• Brief
The lines below, from the one containing "Подавайте сразу: на" through the one containing "3月13日,电子与信息技术系", should be set down exactly, with no pictures and nothing else.
-- Excerpted records follows --
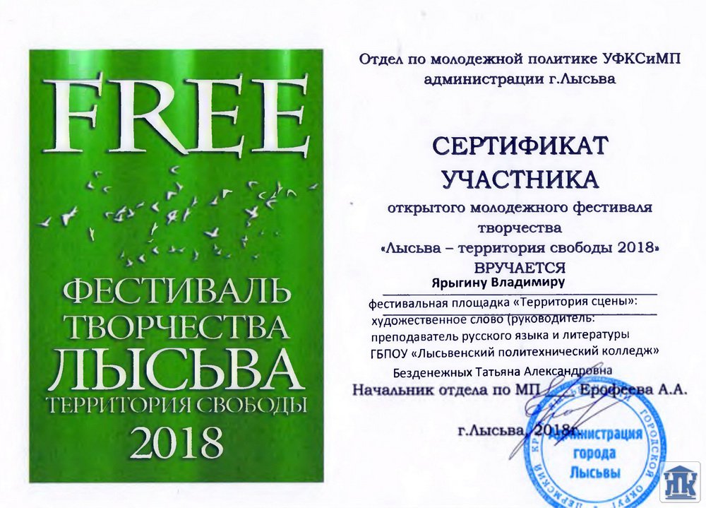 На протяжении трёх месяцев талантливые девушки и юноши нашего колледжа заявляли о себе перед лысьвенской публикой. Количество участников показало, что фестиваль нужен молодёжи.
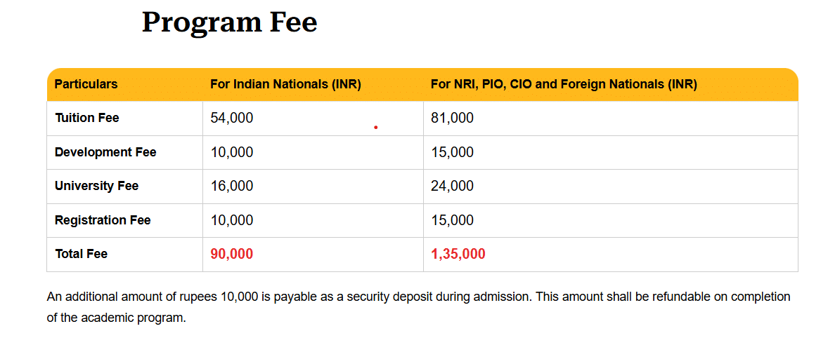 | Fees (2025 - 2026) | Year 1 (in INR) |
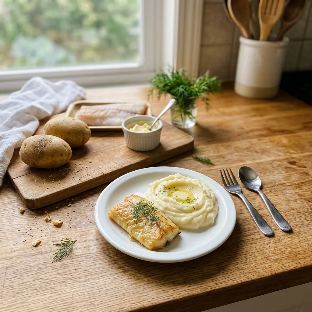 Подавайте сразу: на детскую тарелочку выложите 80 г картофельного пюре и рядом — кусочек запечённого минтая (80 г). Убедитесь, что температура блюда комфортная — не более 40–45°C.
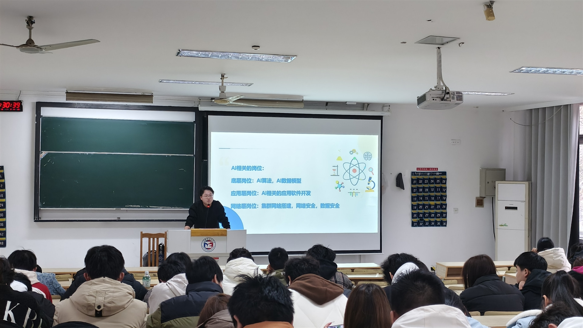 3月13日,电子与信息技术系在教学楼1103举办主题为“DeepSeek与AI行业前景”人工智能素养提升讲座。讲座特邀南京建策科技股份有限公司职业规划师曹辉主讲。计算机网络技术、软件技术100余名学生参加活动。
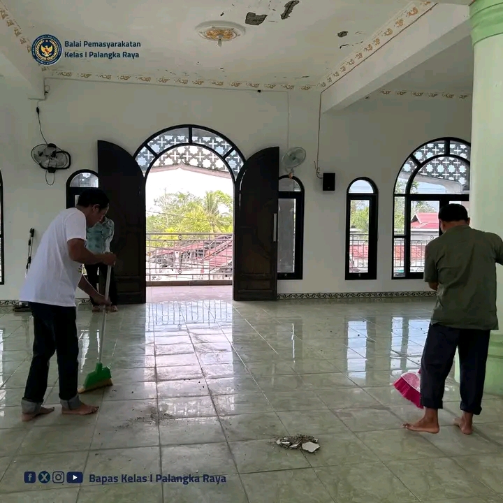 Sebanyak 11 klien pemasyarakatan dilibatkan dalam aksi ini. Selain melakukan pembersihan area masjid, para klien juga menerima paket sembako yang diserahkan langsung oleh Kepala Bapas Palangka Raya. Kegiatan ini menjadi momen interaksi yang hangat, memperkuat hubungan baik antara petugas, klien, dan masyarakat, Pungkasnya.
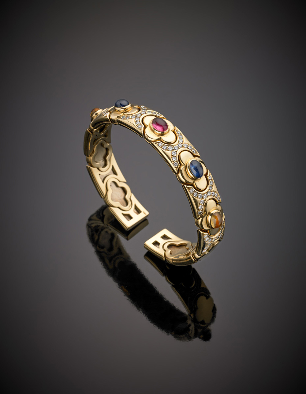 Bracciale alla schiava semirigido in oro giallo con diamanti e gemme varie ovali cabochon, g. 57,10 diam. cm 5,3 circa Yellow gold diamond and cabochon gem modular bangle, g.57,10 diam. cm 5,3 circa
-- Excerpted records concluded --
-- Excerpted records follows --
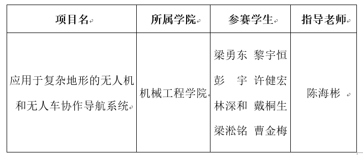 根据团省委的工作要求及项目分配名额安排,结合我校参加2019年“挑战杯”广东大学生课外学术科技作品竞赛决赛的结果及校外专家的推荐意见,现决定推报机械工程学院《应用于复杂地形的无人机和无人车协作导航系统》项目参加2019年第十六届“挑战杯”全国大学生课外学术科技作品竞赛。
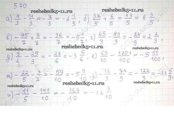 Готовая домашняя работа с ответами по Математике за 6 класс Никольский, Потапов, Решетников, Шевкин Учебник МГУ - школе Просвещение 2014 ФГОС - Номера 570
-- Excerpted records concluded --
• Solution
 Подавайте сразу: на детскую тарелочку выложите 80 г картофельного пюре и рядом — кусочек запечённого минтая (80 г). Убедитесь, что температура блюда комфортная — не более 40–45°C.
 3月13日,电子与信息技术系在教学楼1103举办主题为“DeepSeek与AI行业前景”人工智能素养提升讲座。讲座特邀南京建策科技股份有限公司职业规划师曹辉主讲。计算机网络技术、软件技术100余名学生参加活动。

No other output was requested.